Excellent leads on cacheSweave and weaver! (Not sure I'd personally go with the ODF option.) Unfortunately, I can't find the RRPM project, which sounds like it is a lot like what we've described here.

Thanks!

re; Smart Make

Mostly, I'm just looking for a make system that addresses some of the well documented issues in the classic UNIX make utility (tabs vs spaces, harder to embedded a more modern programming language). There are make utilities for Python, Ruby, and Perl. They're all good. The compendium authors only seem to consider the older UNIX make utility in their discussion. If this were the only make system available I would agree with them, but I think there are better options.

The real point of a make system is explicit dependency information. If I need to create a .tex document, I can give state which other documents (e.g. charts, tables, R source files) it depends on. If any of those documents change (heuristically determined by the time stamp on the file), the make system knows that it needs to rebuild any documents that depend on that file.

For example, I am creating a PDF that includes a graph that is built from an R source file. I start writing my .tex and when I want to build my PDF, I run some make command (say I'm doing it with Rake it might look like "$ rake build:pdf". The rake system knows that the build:pdf command depends on the chart.pdf file which depends on the build:chart task which depends on the chart.R file. If the the chart.pdf is newer than the chart.R file, we know that we don't need to rebuild it when creating the PDF. If chart.pdf is older than chart.R, we know that I've made a change to chart.R and that change needs to be propagated to chart.pdf and, in turn, the final pdf which depends on chart.pdf.
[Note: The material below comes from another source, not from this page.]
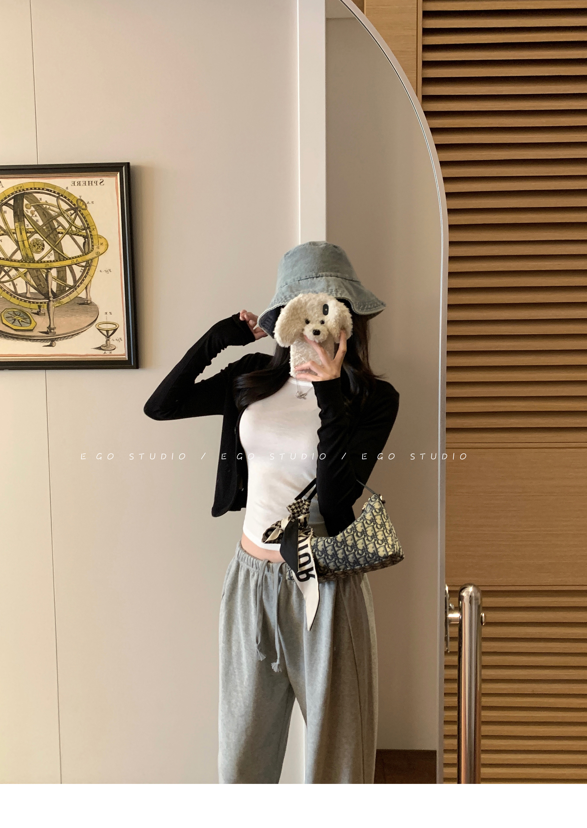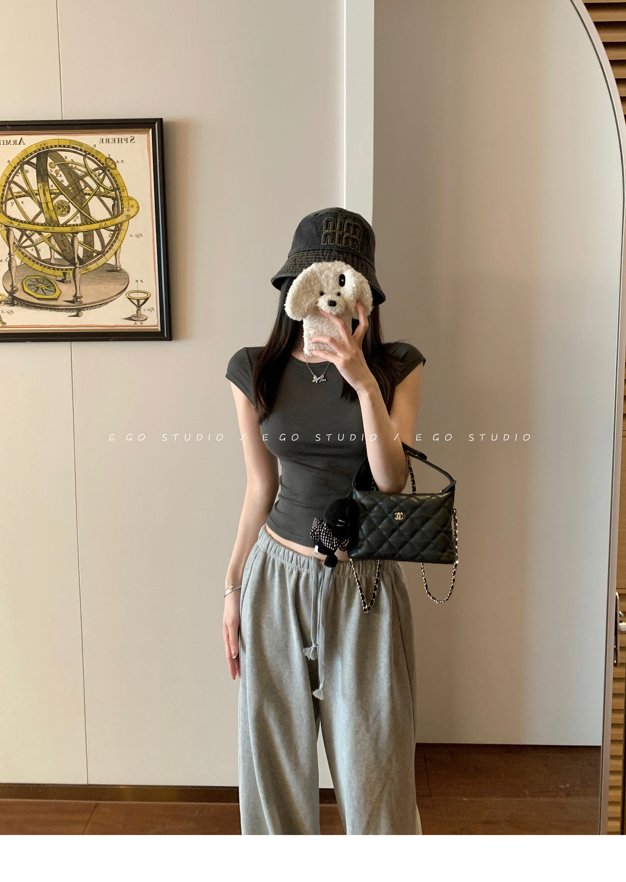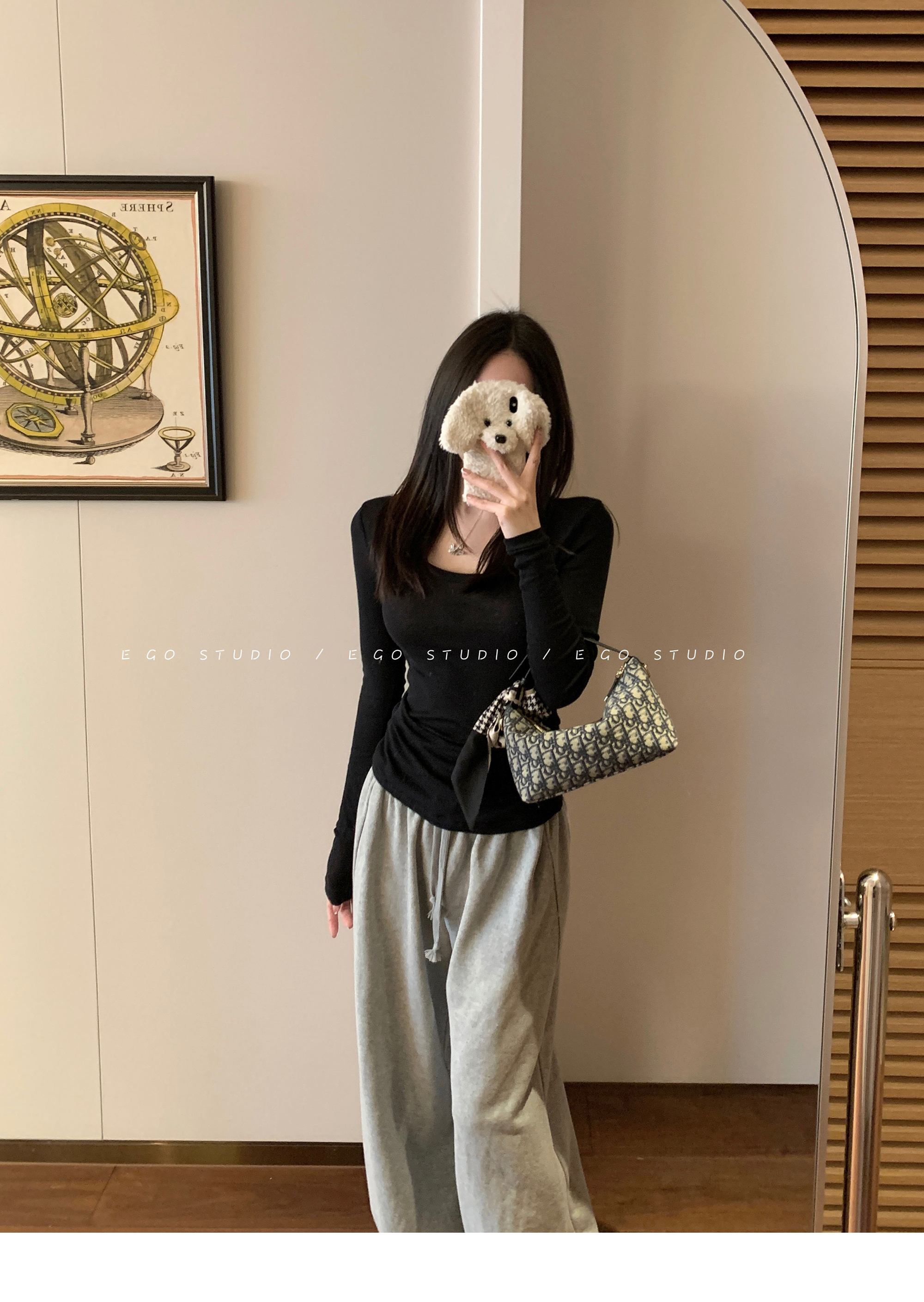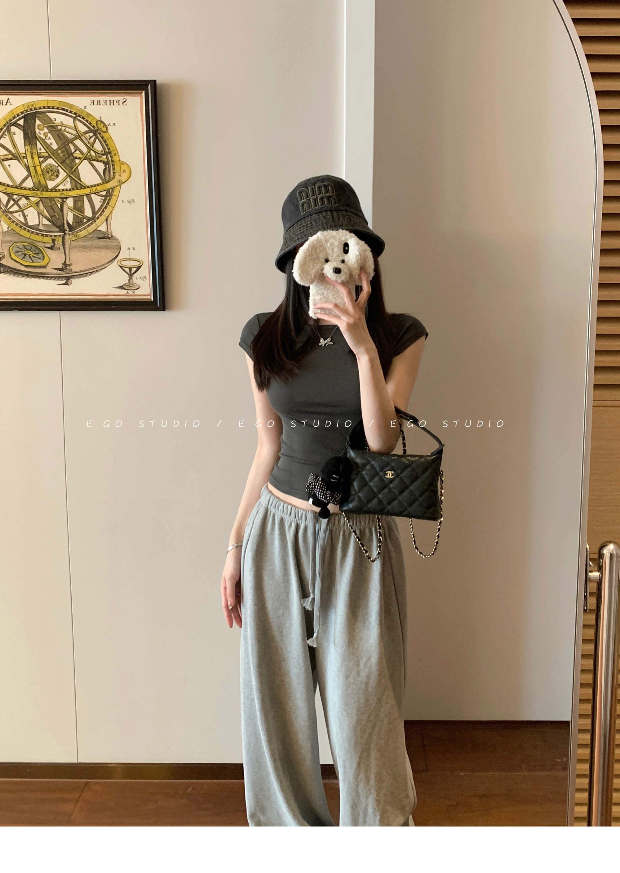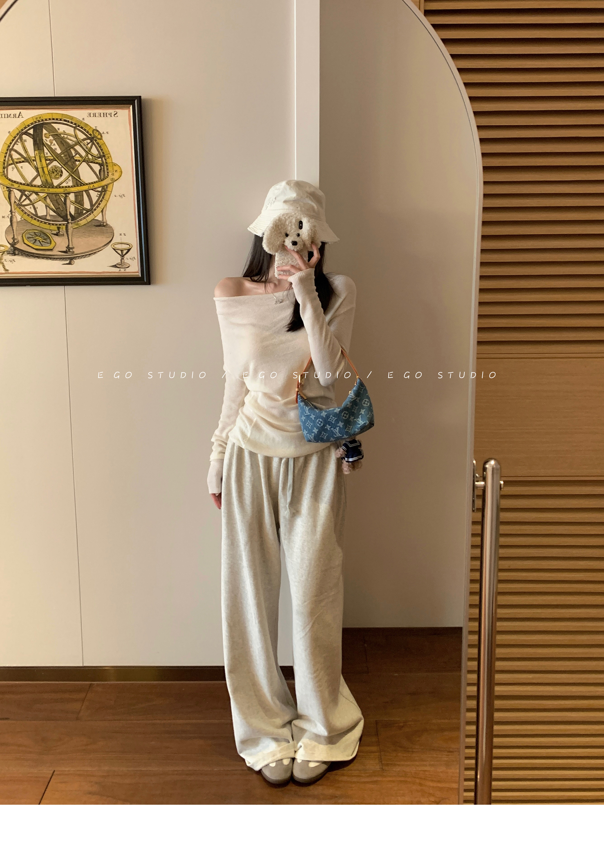 E Go Studio All-Cotton Mid-Low Waist Drawstring American-Style Simple Wide-Leg Casual Versatile Sweatpants for Women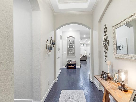 No stone left unturned in this gorgeous Village Builders custom home located in the beautiful community of Falls at Imperial Oaks! Beautiful design elements include clean lines, wood flooring, tray ceilings, crown molding, art niche's, 6" baseboards & accent walls. The kitchen includes large center island w/breakfast bar, white custom cabinetry, SS appliances, gas cooktop, built-in gas oven & microwave. The beautiful formal dining room includes tray ceilings, chair rail, wood flooring & chandelier, perfect for dinners w/the family. Large master bedroom w/ sitting area, crown molding & vaulted ceilings. The master bath retreat includes a jacuzzi tub for relaxing, his/her sinks, linen closet, separate shower & white cabinetry. Large family room w/ tray ceilings, wood flooring & cozy fireplace, open to the kitchen. Spacious guest bedrooms! Big study/office. Imagine BBQ's w/ the family on the weekends out on the back cover patio with extended stamped concrete! This house is a must see!

If I dump everything into a single file, there is no way to do this update propagation. I see references to some caching mechanisms, which may be a good solution too. A make system is a fairly general tool that can handle this workflow and others, which is what attracts me to it. As projects grow and change I think the make tool has the best chance of adapting with it, whereas a document weave is more constrained.

Again, I wish had more practical reporting experience to draw upon. These are just my opinions and inclinations from my time as programmer. There is a good chance my opinion will change as I transition to the world of academia.

Cheers,
-Mark